Immunotherapy of Relapsed and Refractory Solid Tumors With Ex Vivo Expanded Multi-Tumor Associated Antigen Specific Cytotoxic T Lymphocytes: A Phase I Study
Amy B Hont, C Russell Cruz, Robert Ulrey, Barbara O'Brien, Maja Stanojevic, Anushree Datar, Shuroug Albihani, Devin Saunders, Ryo Hanajiri, Karuna Panchapakesan, Sam Darko, Payal Banerjee, Maria Fernanda Fortiz, Fahmida Hoq, Haili Lang, Yunfei Wang, Patrick J Hanley, Jeffrey S Dome, Catherine M Bollard, Holly J Meany, Amy B Hont, C Russell Cruz, Robert Ulrey, Barbara O'Brien, Maja Stanojevic, Anushree Datar, Shuroug Albihani, Devin Saunders, Ryo Hanajiri, Karuna Panchapakesan, Sam Darko, Payal Banerjee, Maria Fernanda Fortiz, Fahmida Hoq, Haili Lang, Yunfei Wang, Patrick J Hanley, Jeffrey S Dome, Catherine M Bollard, Holly J Meany
Abstract
Purpose: Tumor-associated antigen cytotoxic T cells (TAA-Ts) represent a new, potentially effective and nontoxic therapeutic approach for patients with relapsed or refractory solid tumors. In this first-in-human trial, we investigated the safety of administering TAA-Ts that target Wilms tumor gene 1, preferentially expressed antigen of melanoma, and survivin to patients with relapsed/refractory solid tumors.

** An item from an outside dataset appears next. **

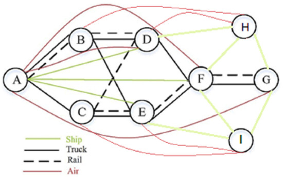 Multimodal Transportation Network in Iraq. Nodes A–I are interconnected using sea, raod, railways and air transportation sources.

Materials and methods: TAA-T products were generated from autologous peripheral blood and infused over three dose levels: 1, 2, and 4 × 107 cells/m2. Patients were eligible for up to eight infusions administered 4 to 7 weeks apart. We assessed dose limiting toxicity during the first 45 days after infusion. Disease response was determined within the context of a phase I trial.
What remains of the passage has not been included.